• [Work item] In the output, include exactly the lines from the beginning of the records up to and including the one that contains "ロールドゴールドのパフハート", and leave out the pictures.

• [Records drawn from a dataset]
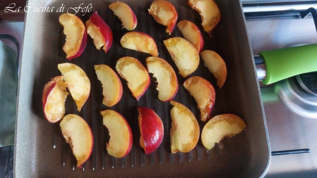 • Add the cheese cubes and grilled peaches with their seasoning.
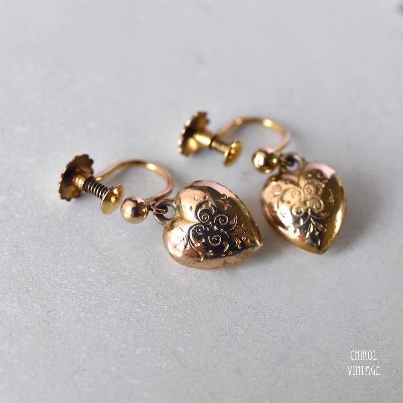 ロールドゴールドのパフハートがドロップした、ヴィクトリアンスタイルのスクリューイヤリング。
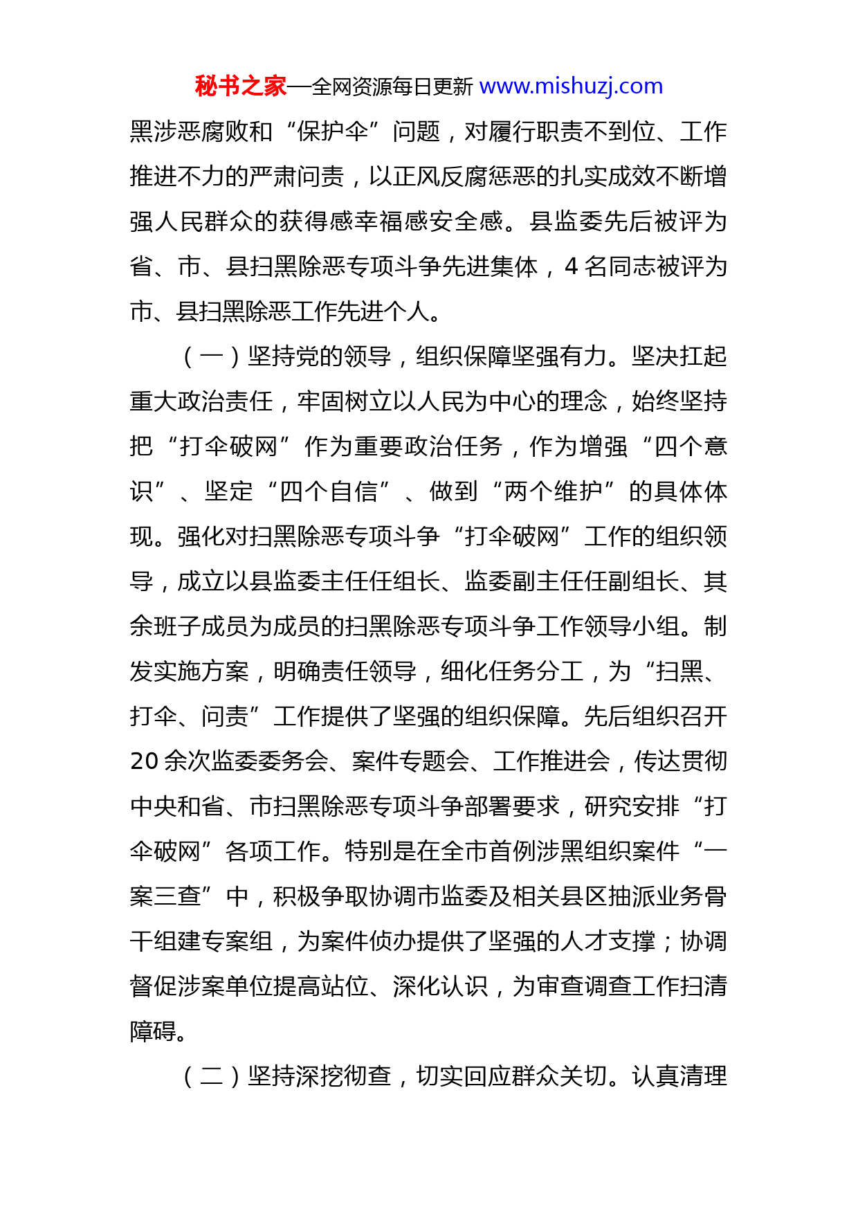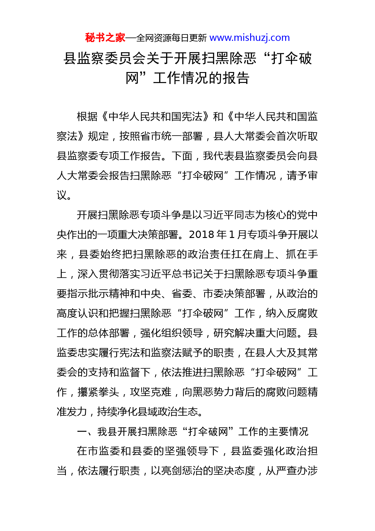 秘书之家—全网资源每日更新www.mishuzj.com县监察委员会关于开展扫黑除恶“打伞破网”工作情况的报告根据《中华人民共和国宪法》和《中华人民共和国监察法》规定,按照省市统一部署,县人大常委会首次听取县监察委专项工作报告。下面,我代表县监察委员会向县人大常委会报告扫黑除恶“打伞破网”工作情况,请予审议。开展扫黑除恶专项斗争是以习近平同志为核心的党中央作出的一项重大决策部署。2018年1月专项斗争开展以来,县委始终把扫黑除恶的政治责任扛在肩上、抓在手上,深入贯彻落实习近平总书记关于扫黑除恶专项斗争重要指示批示精神和中央、省委、市委决策部署,从政治的高度认识和把握扫黑除恶“打伞破网”工作,纳入反腐败工作的总体部署,强化组织领导,研究解决重大问题。县监委忠实履行宪法和监察法赋予的职责,在县人大及其常委会的支持和监督下,依法推进扫黑除恶“打伞破网”工作,攥紧拳头,攻坚克难,向黑恶势力背后的腐败问题精准发力,持续净化县域政治生态。一、我县开展扫黑除恶“打伞破网”工作的主要情况在市监委和县委的坚强领导下,县监委强化政治担当,依法履行职责,以亮剑惩治的坚决态度,从严查办涉秘书之家—全网资源每日更新www.mishuzj.com黑涉恶腐败和“保护伞”问题,对履行职责不到位、工作推进不力的严肃问责,以正风反腐惩恶的扎实成效不断增强人民群众的获得感幸福感安全感。县监委先后被评为省、市、县扫黑除恶专项斗争先进集体,4名同志被评为市、县扫黑除恶工作先进个人。(一)坚持党的领导,组织保障坚强有力。坚决扛起重大政治责任,牢固树立以人民为中心的理念,始终坚持把“打伞破网”作为重要政治任务,作为增强“四个意识”、坚定“四个自信”、做到“两个维护”的具体体现。强化对扫黑除恶专项斗争“打伞破网”工作的组织领导,成立以县监委主任任组长、监委副主任任副组长、其余班子成员为成员的扫黑除恶专项斗争工作领导小组。制发实施方案,明确责任领导,细化任务分工,为“扫黑、打伞、问责”工作提供了坚强的组织保障。先后组织召开20余次监委委务会、案件专题会、工作推进会,传达贯彻中央和省、市扫黑除恶专项斗争部署要求,研究安排“打伞破网”各项工作。特别是在全市首例涉黑组织案件“一案三查”中,积极争取协调市监委及相关县区抽派业务骨干组建专案组,为案件侦办提供了坚强的人才支撑;协调督促涉案单位提高站位、深化认识,为审查调查工作扫清障碍。(二)坚持深挖彻查,切实回应群众关切。认真清理秘书之家—全网资源每日更新www.mishuzj.com全县监察系统内查处的干部涉黑涉恶案件,制发工作提示函51份,推动政法机关及乱点乱象治理牵头单位全面清理、及时移送近年查处的相关问题线索148件。严格落实“两个一律”“一线双核”“一案三查”要求,依法严查快处干部涉黑涉恶腐败、充当黑恶势力“保护伞”、推动工作不力等典型案件,成功查办XX市首例黑社会性质组织犯罪“保护伞”案件,查处干部13人,有力维护一方平安,受到社会高度赞扬。2018年以来,全面贯彻“三个区分开来”精神,坚持精准惩治、严管厚爱结合,批评教育帮助和处理干部94人次,其中涉黑涉恶29人、充当“保护伞”15人次,移送司法机关3人,乡科级及以上干部34人次,切实让黑恶势力无“伞”可遮、无处可藏,让人民群众感受到实实在在的获得感幸福感安全感。同时,为保证案件质量,协调法检两院审判、公诉业务骨干对涉黑涉恶案件“一案三查”情况开展三轮“回头看”,确保问题清楚、定性准确、处理到位、程序合法。(三)坚持统筹联动,压紧压实各方责任。建立深挖彻查“保护伞”问题线索协调联动机制,会同县扫黑办、县公安局等单位召开扫黑除恶案件线索分析研判会6次。持续加强与政法机关、自然资源、生态环保、交通运输、水利等行业主管部门的沟通联络,推行涉黑涉恶案件“双专班”办案模式,实行问题线索双向移交,确保扫黑除恶秘书之家—全网资源每日更新www.mishuzj.com与“打伞破网”同频共振。坚持把扫黑除恶专项斗争和乱点乱象整治作为日常监督、综合监督检查的重点事项,积极整合派驻监察组常态督导、督导组专项督导等监督力量,实行委领导包片包案督导,加强对有关单位落实扫黑除恶专项斗争工作情况的督导检查和明察暗访,重点发现在扫黑除恶专项斗争中站位不高、重视不够、责任不清、措施不力、工作不实、效果不好等问题,累计开展追责问责50人次,推动整改乱点乱象问题600余个,持续释放强大震慑。(四)坚持标本兼治,深入推进以案促改。坚持常态促长效,治标更治本,扎实抓好“后半篇”文章。注重发挥典型案例的警示警醒作用,督促指导县公安局等单位召开警示教育大会2场次,把相关涉黑涉恶腐败案件纳入全县典型案例巡展内容,相关问题录入全省第一批公开曝光典型案例,通过以身边人、身边事教育引导广大干部廉洁履职、秉公行权,自觉同黑恶势力划清界限,知敬畏、守底线。充分运用《监察建议书》,督促案发单位及相关部门专题剖析查原因、建章立制堵漏洞,实现查处一案、治理一片的效果。2018年以来,共向县公安局、房管局、自规局、文广旅局等单位发出《监察建议书》12份,指出问题28个、提出建议36条,均得到全面
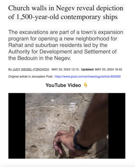 Interesting article of 4th century drawings of pilgrimage ships arriving in the Holy Land. The port was in Gaza and the huge church where the pilgrims first arrived was in Rafah in the Negev Desert in Israel.
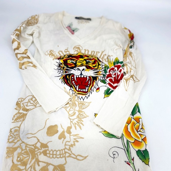 Pre-Owned Vintage Ed Hardy Tunic Sweater Y2K SizeM White/Cream 100% Cotton
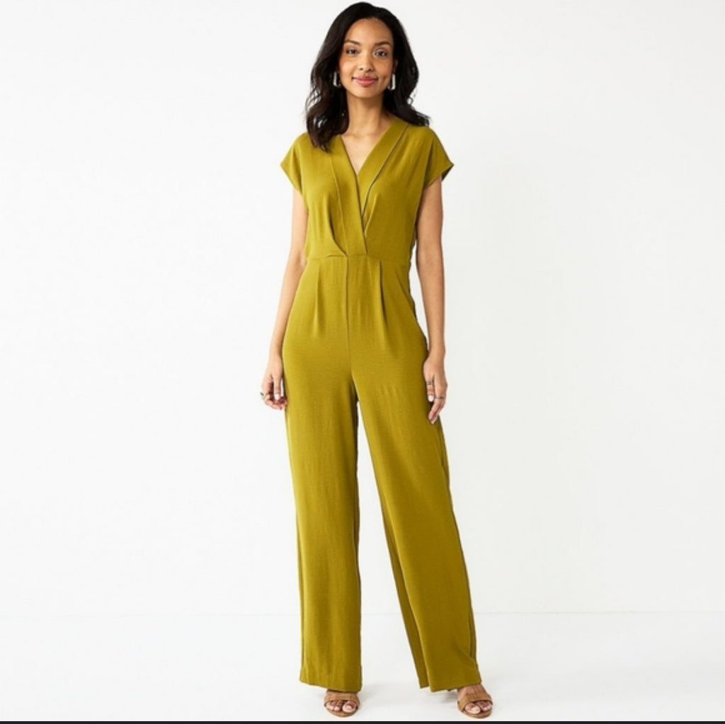 Ladies super cute pea green short sleeve jumpsuit by Nine West. Excellent condition. Ladies size large.

• [Solution to this problem]
 • Add the cheese cubes and grilled peaches with their seasoning.
 ロールドゴールドのパフハートがドロップした、ヴィクトリアンスタイルのスクリューイヤリング。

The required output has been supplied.